The UK must drive down demand for oil and gas rather than undermining its own supplies, Offshore Energies UK’s Chief Executive has warned in a keynote speech.

David Whitehouse was speaking at the P&J Live venue in Aberdeen for the launch of OEUK’s Business Outlook report. The report is an in-depth analysis of the UK’s current and future energy needs – and how to meet them while also cutting greenhouse gas emissions. OEUK represents 400 offshore oil, gas and wind operators and their supply chain partners.

Whitehouse said cutting demand was essential to reaching net zero, contrasting that with a key finding of the report, that the number of UK homes reliant on gas boilers is actually increasing – even though the government has banned them from being installed in new homes from 2025. A record 1.8 million new boilers are being installed in homes annually, including in new homes.*

The report said: “Household heating is the UK’s second largest use of energy and the largest component of gas consumption ... About 85% of homes are heated by gas and National Grid expects the number to continue to rise slowly until 2025. Even the most ambitious scenarios from National Grid see gas being the largest domestic heating source until at least 2032.

“The UK installed around 42,000 home heat pumps in 2021 and has the lowest installation rate in Europe, with householders collectively installing gas boilers 120 times faster than low carbon systems. For context the UK government has set a target of installing 600,000/year by 2028, while National Grid says that 900,000/year (2,466 installations per day) may be needed.

Whitehouse said in his speech: “Today, 76% of the UK’s energy needs are met by oil and gas. Oil powers the 32 million diesel and petrol cars on our roads and gas boilers provide heat and hot water to 85% of homes – over 23 million of them and rising. By 2025 the number of homes reliant on them is predicted to reach 24 million.”
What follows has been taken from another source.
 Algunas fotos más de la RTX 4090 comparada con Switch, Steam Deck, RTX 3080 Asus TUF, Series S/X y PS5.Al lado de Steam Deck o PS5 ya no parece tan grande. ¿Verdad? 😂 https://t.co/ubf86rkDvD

He warned that if the UK wanted to tackle climate change it needed to “get serious” about driving down demand. But while that demand existed it should be met as much as possible from UK resources.

He said: “Almost 40% of our domestic and industrial energy needs are met by natural gas, and the North Sea basin and wider UK Continental Shelf provides close to half of that total. It is only because of this vital resource and our offshore work force that we are not reliant on Russian imports of gas.”
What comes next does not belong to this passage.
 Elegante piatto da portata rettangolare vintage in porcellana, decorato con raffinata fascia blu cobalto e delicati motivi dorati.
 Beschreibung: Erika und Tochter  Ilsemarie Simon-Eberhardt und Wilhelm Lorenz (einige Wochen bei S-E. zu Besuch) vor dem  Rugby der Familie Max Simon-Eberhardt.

“As together, we build a cleaner future there is no simple choice between oil and gas on the one hand and renewables on the other – the reality is that we need both.”

The report also showed the importance of finding and opening new oil and gas fields, pointing out that 12 new gas fields, opened in just the last five years. now supply 30% of the UK’s gas. Without more and similar investment, it warned, UK oil and gas production could fall 80% by 2035 – putting the UK at greater risk of future energy crises..
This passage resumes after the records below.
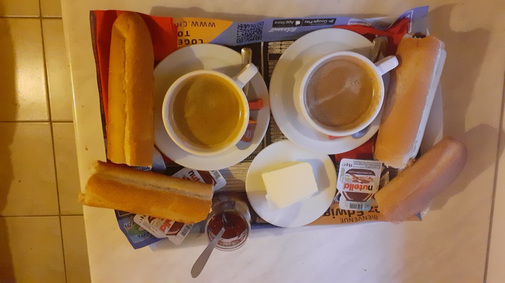 For some reason the propriétaire thought there were two people staying the night ( THERE WEREN’T!) and had provided petit dejeuner accordingly! I smiled sweetly and accepted the bounty without demurring – lunch of baguette and nutella/cheese was sorted.
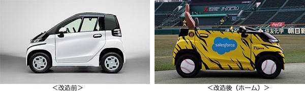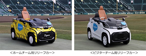 このリリーフカーは、トヨタ自動車株式会社のご協力により、同社の超小型BEV(バッテリー式電気自動車)の「C+pod(シーポッド)」をベースとして、身体の大きな投手でもゆったりと乗車できるよう助手席の位置を後方へ移動させる等の改造に加え、助手席シートをグローブがモチーフのデザインに変更するなど、観戦するファンがより楽しめるとともに、投手の士気を高めるような工夫が随所に施されたオリジナル仕様です。また、ホーム用の車体は虎柄にラッピングされ、豊田合成株式会社による特製のイエローステアリングも、デザインのポイントとなっています。
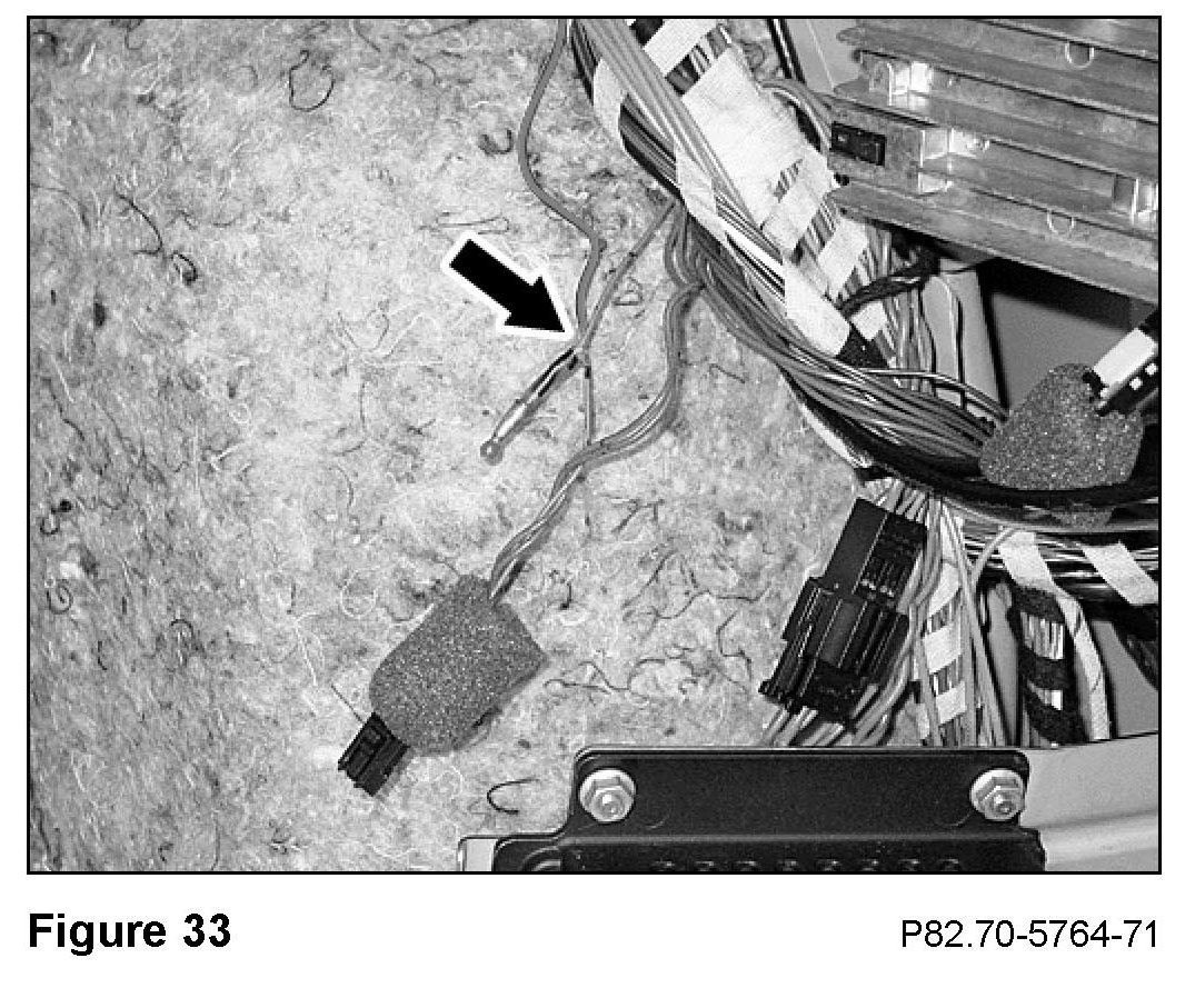 11. Remove the tape from the power supply wiring harness for the linear compensator from the connector to the point where it branches off the main wiring harness (Figure 32).

Whitehouse said OEUK was committed to net zero – but also to supporting the UK’s energy security. “Achieving net zero will take us many years, a huge amount of work and long-term planning across sectors. We will continue to need domestic oil and gas in those years … But nine out of 10 of North Sea operators are cutting back investment and at least nine major oil and gas operators have publicly confirmed plans to halt or reconsider some project plans for producing oil and gas. Some projects will proceed but not the number we need as a country.

“I am concerned that we are not on the right path for energy security, or for a successful energy transition. We have to change this.”